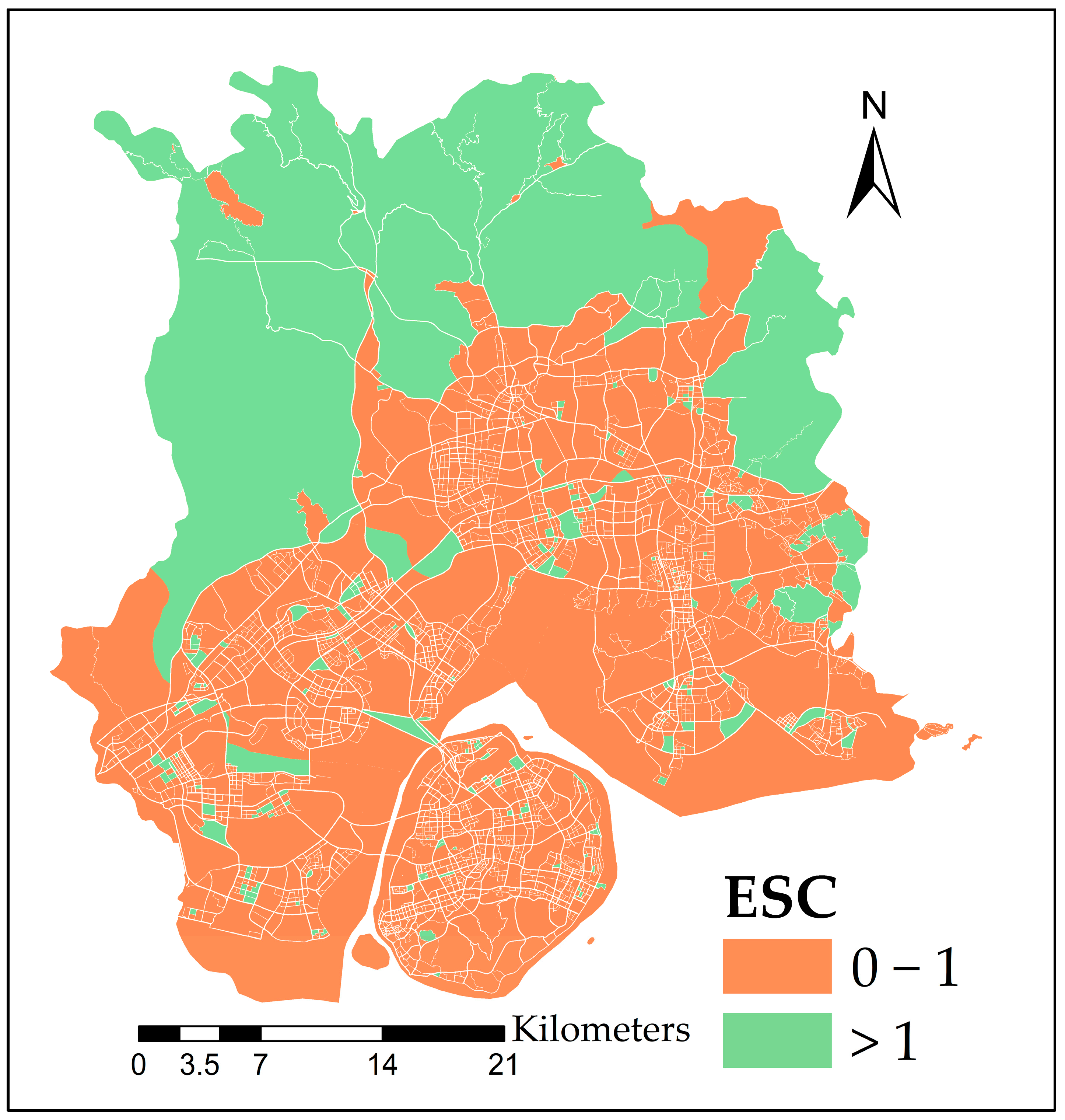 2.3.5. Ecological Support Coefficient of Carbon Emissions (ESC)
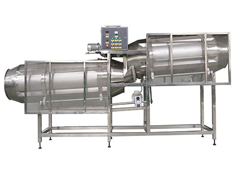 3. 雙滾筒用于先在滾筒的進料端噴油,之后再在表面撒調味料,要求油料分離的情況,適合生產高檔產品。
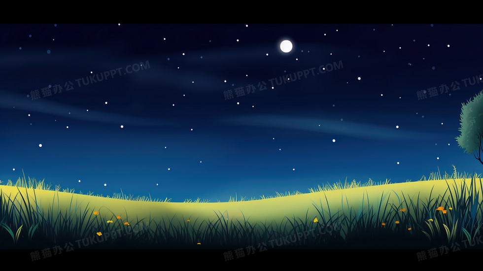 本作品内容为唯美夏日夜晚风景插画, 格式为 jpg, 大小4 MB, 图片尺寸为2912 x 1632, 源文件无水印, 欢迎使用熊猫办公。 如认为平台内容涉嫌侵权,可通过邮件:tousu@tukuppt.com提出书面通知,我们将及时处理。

--

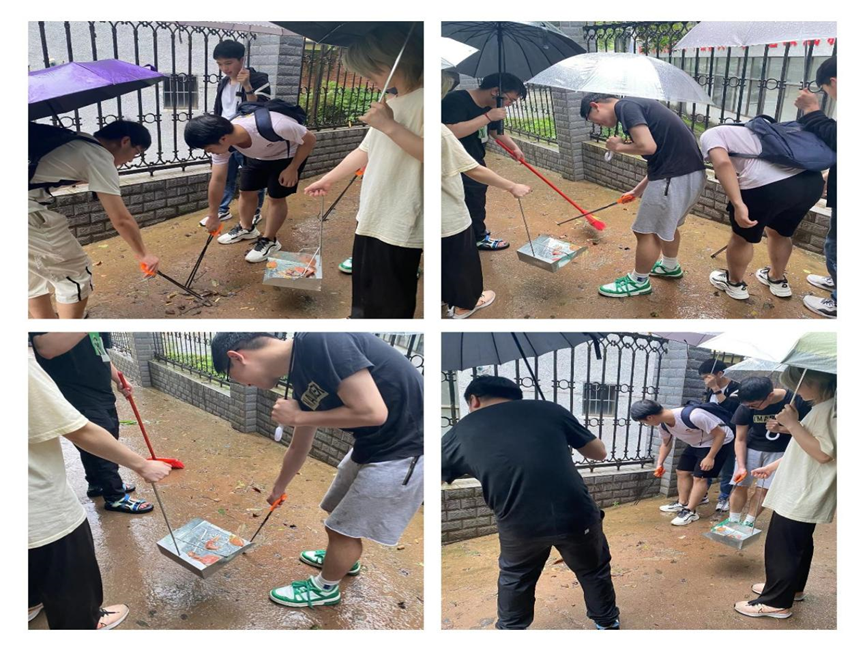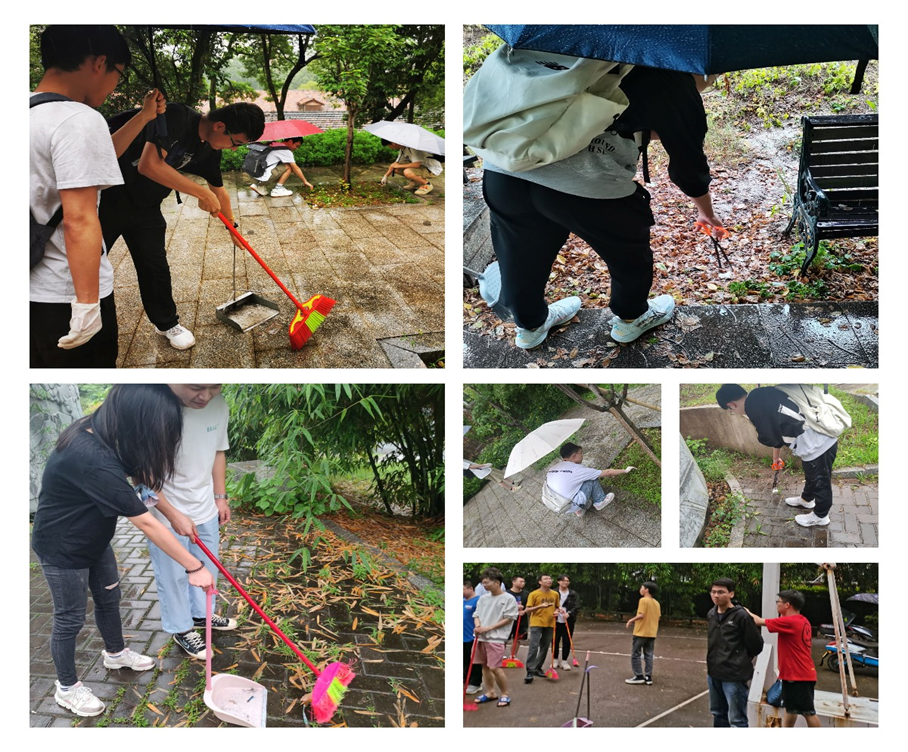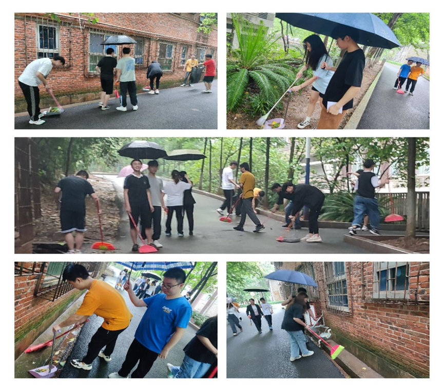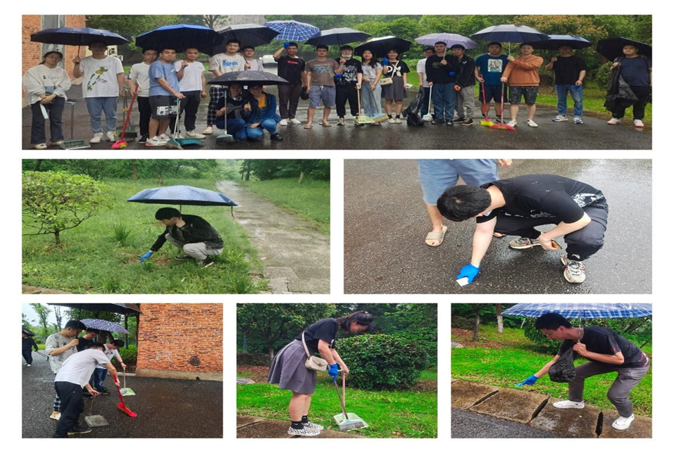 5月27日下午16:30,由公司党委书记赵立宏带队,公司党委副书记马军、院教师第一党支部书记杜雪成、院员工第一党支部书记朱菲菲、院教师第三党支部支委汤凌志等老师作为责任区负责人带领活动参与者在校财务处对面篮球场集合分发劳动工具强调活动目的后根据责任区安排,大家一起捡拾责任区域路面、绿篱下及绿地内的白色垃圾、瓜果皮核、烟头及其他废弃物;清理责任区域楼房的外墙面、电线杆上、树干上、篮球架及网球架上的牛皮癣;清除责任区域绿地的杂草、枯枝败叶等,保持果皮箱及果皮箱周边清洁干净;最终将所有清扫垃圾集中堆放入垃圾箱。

(Instructions to follow) Beginning with the line above that contains "3. 雙滾筒用于先在滾筒的進" and finishing with the line that contains "本作品内容为唯美夏日夜晚风景插画, 格式为 jpg, 大小4", print those lines exactly and only. Skip all pictures.

(Result of the task)
 3. 雙滾筒用于先在滾筒的進料端噴油,之后再在表面撒調味料,要求油料分離的情況,適合生產高檔產品。
 本作品内容为唯美夏日夜晚风景插画, 格式为 jpg, 大小4 MB, 图片尺寸为2912 x 1632, 源文件无水印, 欢迎使用熊猫办公。 如认为平台内容涉嫌侵权,可通过邮件:tousu@tukuppt.com提出书面通知,我们将及时处理。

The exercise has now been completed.